AIM OF THE TASK. Copy each record below exactly, please, and leave its pictures out.

*****

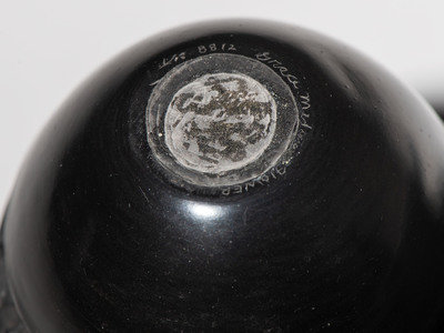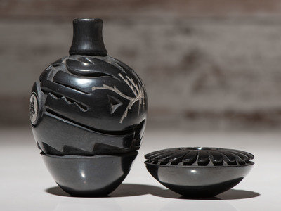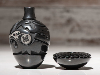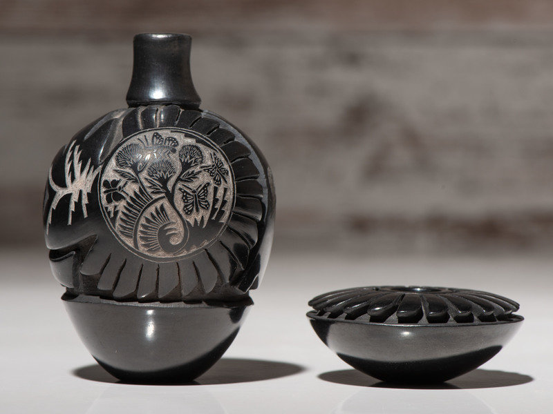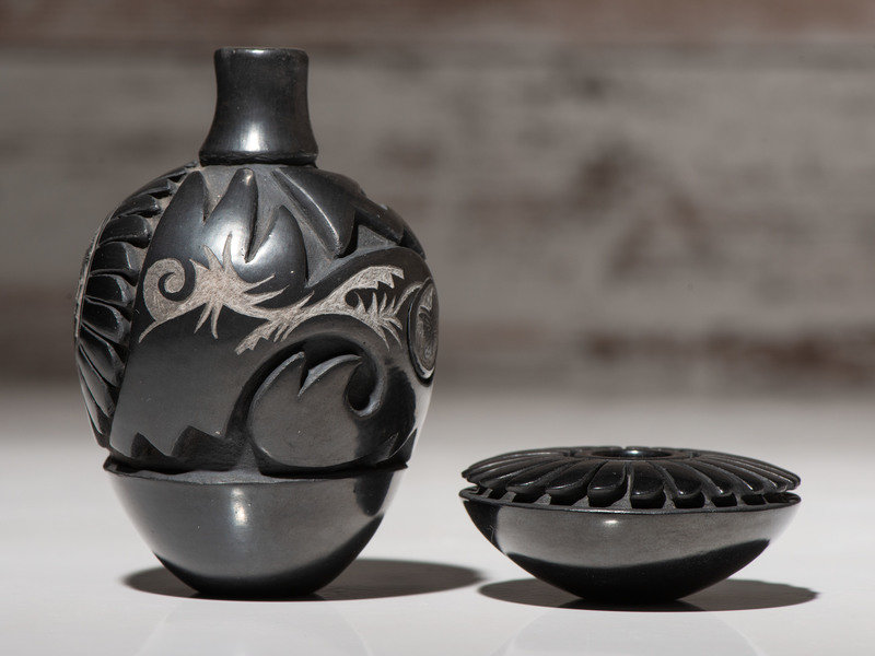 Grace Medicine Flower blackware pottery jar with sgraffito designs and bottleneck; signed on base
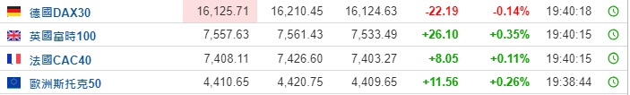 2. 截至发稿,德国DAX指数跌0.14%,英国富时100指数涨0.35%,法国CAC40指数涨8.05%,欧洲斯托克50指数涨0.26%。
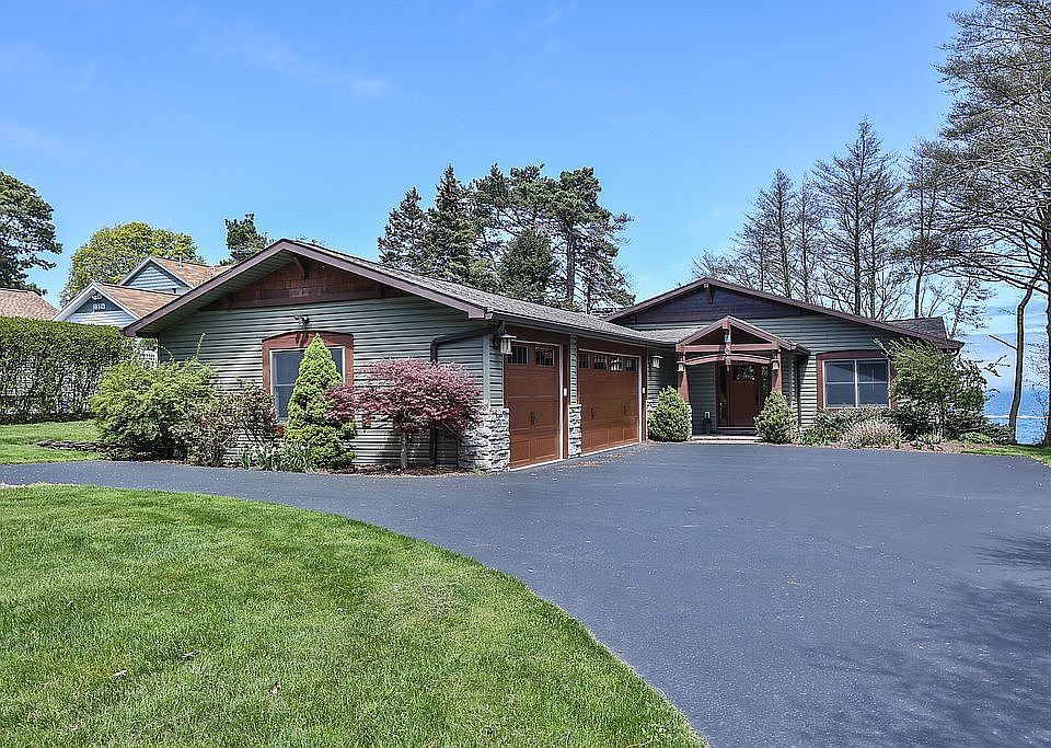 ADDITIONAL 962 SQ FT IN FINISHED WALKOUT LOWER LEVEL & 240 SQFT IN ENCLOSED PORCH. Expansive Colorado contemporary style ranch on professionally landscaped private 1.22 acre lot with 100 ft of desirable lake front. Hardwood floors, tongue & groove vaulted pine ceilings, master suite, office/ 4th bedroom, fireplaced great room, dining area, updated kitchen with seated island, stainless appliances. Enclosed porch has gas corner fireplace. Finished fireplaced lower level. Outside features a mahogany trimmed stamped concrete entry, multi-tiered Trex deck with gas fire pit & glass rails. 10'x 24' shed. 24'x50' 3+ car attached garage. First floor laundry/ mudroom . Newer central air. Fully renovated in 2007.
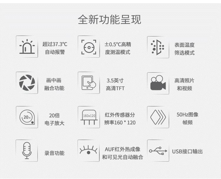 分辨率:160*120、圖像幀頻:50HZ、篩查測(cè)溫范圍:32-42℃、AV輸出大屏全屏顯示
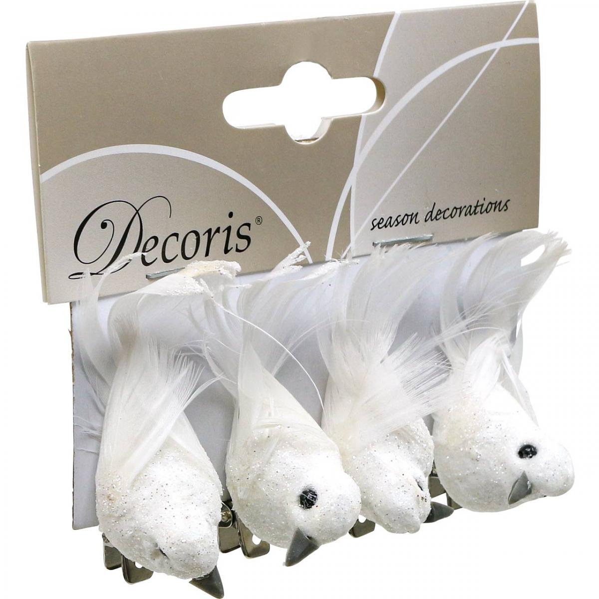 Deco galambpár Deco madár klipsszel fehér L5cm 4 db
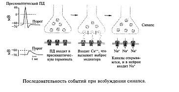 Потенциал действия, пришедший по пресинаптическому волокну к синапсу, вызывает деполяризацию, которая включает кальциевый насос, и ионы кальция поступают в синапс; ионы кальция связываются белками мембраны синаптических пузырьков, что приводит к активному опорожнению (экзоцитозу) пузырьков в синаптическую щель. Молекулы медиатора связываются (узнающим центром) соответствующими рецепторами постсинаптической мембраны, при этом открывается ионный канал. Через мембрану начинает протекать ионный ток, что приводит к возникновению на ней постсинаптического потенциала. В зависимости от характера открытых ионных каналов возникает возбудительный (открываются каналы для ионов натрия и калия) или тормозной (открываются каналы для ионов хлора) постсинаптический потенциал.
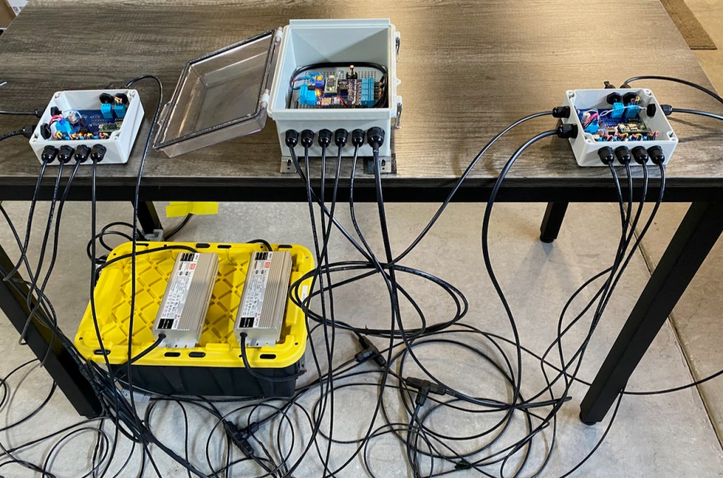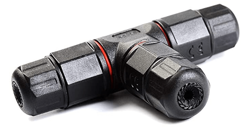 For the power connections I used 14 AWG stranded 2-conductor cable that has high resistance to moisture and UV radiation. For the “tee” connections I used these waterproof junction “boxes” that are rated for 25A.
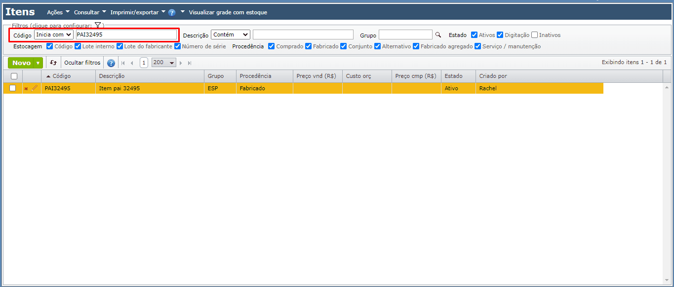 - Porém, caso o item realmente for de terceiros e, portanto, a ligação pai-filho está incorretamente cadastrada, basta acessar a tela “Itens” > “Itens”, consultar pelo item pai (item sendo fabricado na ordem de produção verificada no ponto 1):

*****

ANSWER TO THE EXERCISE.
 Grace Medicine Flower blackware pottery jar with sgraffito designs and bottleneck; signed on base
 2. 截至发稿,德国DAX指数跌0.14%,英国富时100指数涨0.35%,法国CAC40指数涨8.05%,欧洲斯托克50指数涨0.26%。
 ADDITIONAL 962 SQ FT IN FINISHED WALKOUT LOWER LEVEL & 240 SQFT IN ENCLOSED PORCH. Expansive Colorado contemporary style ranch on professionally landscaped private 1.22 acre lot with 100 ft of desirable lake front. Hardwood floors, tongue & groove vaulted pine ceilings, master suite, office/ 4th bedroom, fireplaced great room, dining area, updated kitchen with seated island, stainless appliances. Enclosed porch has gas corner fireplace. Finished fireplaced lower level. Outside features a mahogany trimmed stamped concrete entry, multi-tiered Trex deck with gas fire pit & glass rails. 10'x 24' shed. 24'x50' 3+ car attached garage. First floor laundry/ mudroom . Newer central air. Fully renovated in 2007.
 分辨率:160*120、圖像幀頻:50HZ、篩查測(cè)溫范圍:32-42℃、AV輸出大屏全屏顯示
 Deco galambpár Deco madár klipsszel fehér L5cm 4 db
 Потенциал действия, пришедший по пресинаптическому волокну к синапсу, вызывает деполяризацию, которая включает кальциевый насос, и ионы кальция поступают в синапс; ионы кальция связываются белками мембраны синаптических пузырьков, что приводит к активному опорожнению (экзоцитозу) пузырьков в синаптическую щель. Молекулы медиатора связываются (узнающим центром) соответствующими рецепторами постсинаптической мембраны, при этом открывается ионный канал. Через мембрану начинает протекать ионный ток, что приводит к возникновению на ней постсинаптического потенциала. В зависимости от характера открытых ионных каналов возникает возбудительный (открываются каналы для ионов натрия и калия) или тормозной (открываются каналы для ионов хлора) постсинаптический потенциал.
 For the power connections I used 14 AWG stranded 2-conductor cable that has high resistance to moisture and UV radiation. For the “tee” connections I used these waterproof junction “boxes” that are rated for 25A.
 - Porém, caso o item realmente for de terceiros e, portanto, a ligação pai-filho está incorretamente cadastrada, basta acessar a tela “Itens” > “Itens”, consultar pelo item pai (item sendo fabricado na ordem de produção verificada no ponto 1):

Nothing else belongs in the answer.